I don’t think we will ever embrace suffering and death, unless it comes with great relief – and why should we? The pain that the elderly – and anyone who is ever sick with a debilitating illness – go through can be utterly horrendous. But do I think that natural remedies can make things a whole lot easier? Absolutely. And I hope everyone who reads this buys all the elderly people they know a small bottle of Arnica 30 to keep in an accessible place, and to take one dose in an emergency if they observe the first signs of a stroke, while they wait for an ambulance. It can be a lifesaver and we need to raise awareness.

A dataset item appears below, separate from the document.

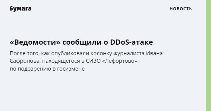 Днем 23 июля «Ведомости» сообщили о DDoS-атаке, которая произошла после публикации на сайте колонки журналиста Ивана Сафронова. Сейчас мужчина находится в СИЗО «Лефортово» по подозрению в госизмене.

NS: I agree that natural remedies can ease such sufferings (and it’s fantastic what Arnica seems to have done in your father’s case). I would add that I know from experiences within my own family that conventional medicine can sometimes add to the sufferings of the elderly rather than alleviate them – one of the reasons I was drawn to natural medicine in the first place. But having said that, painkilling drugs can play a vital part in easing suffering towards the end of life.
Death is inescapably part of life – for all living things. It is as natural and as vital a part of existence as birth. Suffering may be hard to embrace. Death? Surely, we have to try to embrace it? Along with Arnica and natural medicines in our old age, I would recommend reading the “Meditations” of Marcus Aurelius, “The Essays” by Michel de Montaigne, and the teachings of Jiddhu Krishnamurti. All of these offer tremendous (and positive) insights into death – and may help remove the fear of it.
RJR: I totally agree. What do our readers feel about what we have written?